REQUIRED ACTION
List every line in this data where the string "Rideau" occurs.

[Excerpts from a dataset]
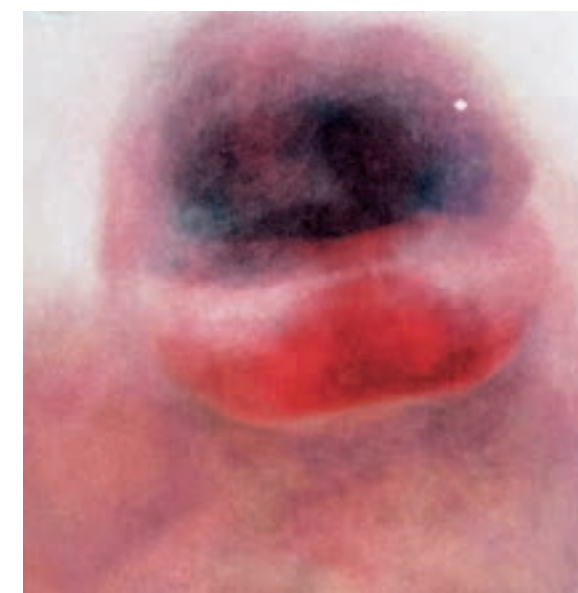
Work: Birce Demetoglu

Studying Painting and Visual Arts through our Bachelor of Arts means all of this. But first of all it means possessing the necessary technical knowledge to work with images: learning the basics of drawing, techniques and technologies of visual arts, mastering the newest forms of expression such as photography, video, performing and multimedia arts. Artists must have an in-depth knowledge of history of art intended as history of images, aesthetics intended as reflecting upon images and the art system intended as artwork circulation. They must have a deep understanding of museums, galleries, critics and other artists who have followed the same path as them and before them. They must know how to organize, take care of and present their work, as well as how to speak and write in English. A variety of essential history and critical thinking subjects complete the education provided by our Bachelor of Arts, in addition to many events with contemporary art key players. Students will also be involved in internships, workshops, advanced training courses and talks.
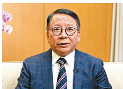
政務司司長陳國基表示香港青年學生走進故宮是別具意義。視頻截圖
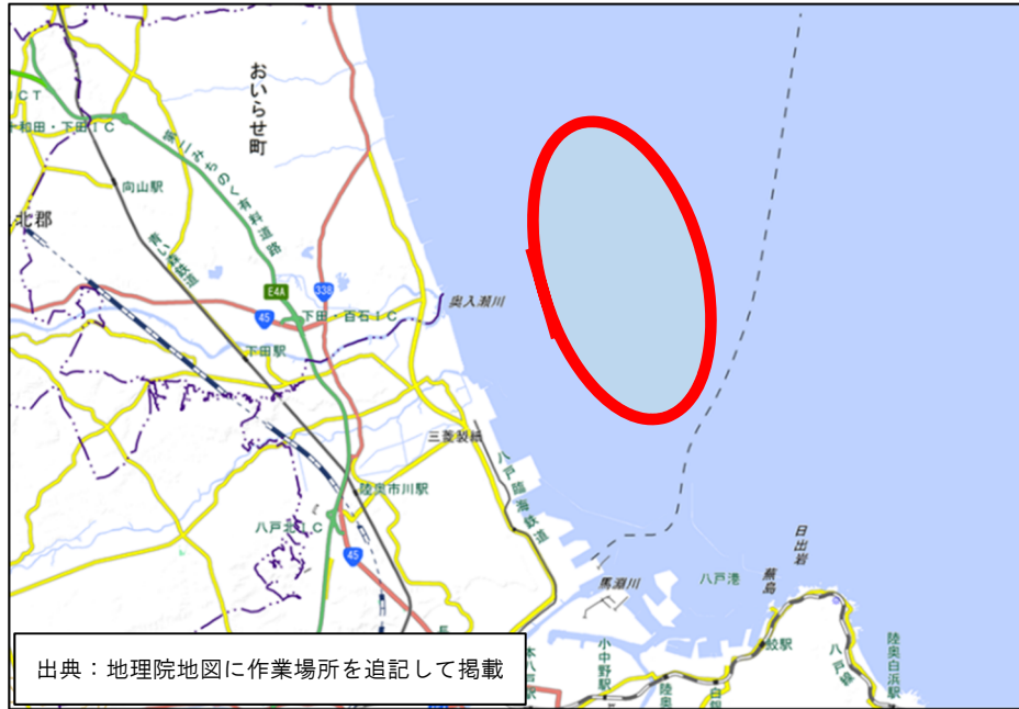
「白山」防除作業範囲
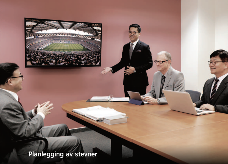
Planlegging av stevner
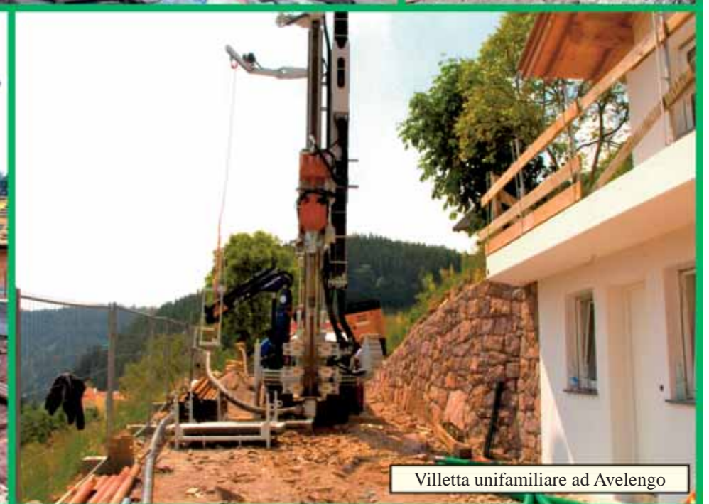
Villetta unifamiliare ad Avelengo
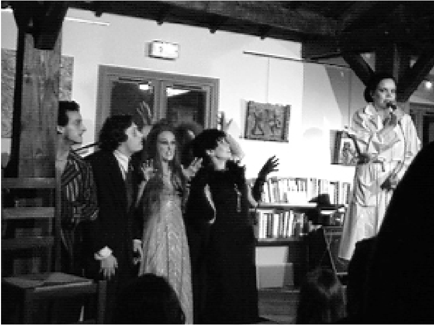
Le Cabaret de Bernard, Compagnie Rideau

M coups de cœur. Sensibles à cette dimension, nous avons organisé une séance de lecture sur le thème « Mon livre préféré » —un de nos grands moments ! Pour la première fois, les adhérents ont participé à la programmation. Suite à notre mailing, certains nous ont communiqué un titre qu'ils avaient particulièrement aimé. Deux professionnels de la compagnie Rideau (voir photo) ont articulé ces différents extraits de textes et les ont mis en voix. Des échanges riches, émouvants aux-
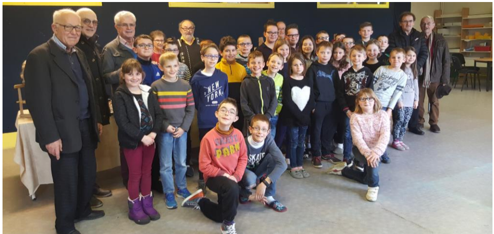
Les élèves de CM1 de Darney

MENTION HISTOIRE & PATRIMOINE (DOTÉE DE 5 000 €) L'ÉCOLE DE DARNEY (88) POUR SON PROJET DE RESTAURATION DES GEÔLES DU CHÂTEAU DE DARNEY
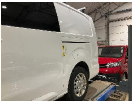
43. Lakk / karosseri utvendig
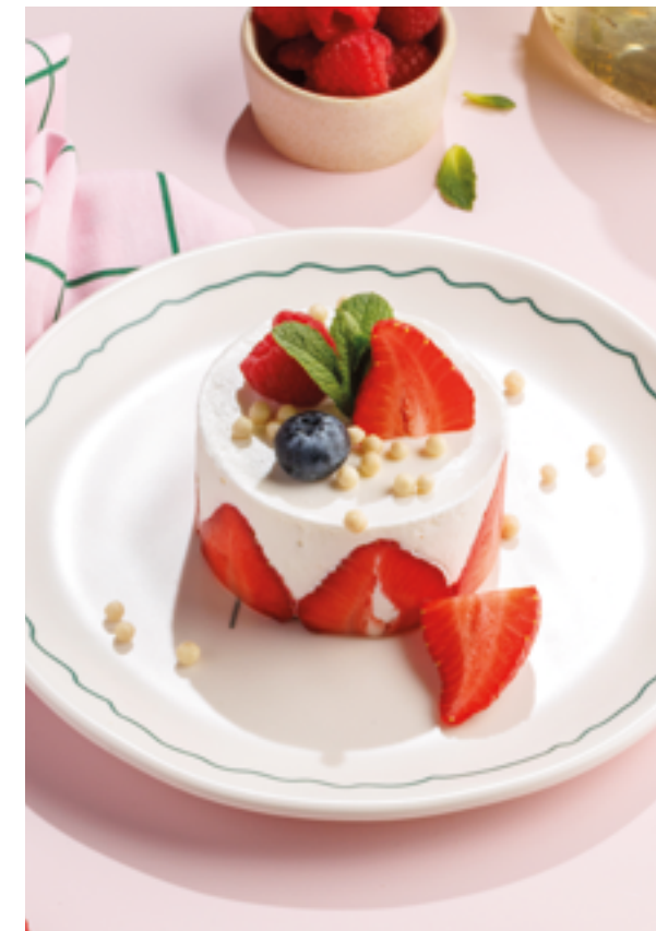
СМЕТАНИК, 890₽ Smetannik (sour cream cake)

EXERCISE SOLUTION
Le Cabaret de Bernard, Compagnie Rideau
M coups de cœur. Sensibles à cette dimension, nous avons organisé une séance de lecture sur le thème « Mon livre préféré » —un de nos grands moments ! Pour la première fois, les adhérents ont participé à la programmation. Suite à notre mailing, certains nous ont communiqué un titre qu'ils avaient particulièrement aimé. Deux professionnels de la compagnie Rideau (voir photo) ont articulé ces différents extraits de textes et les ont mis en voix. Des échanges riches, émouvants aux-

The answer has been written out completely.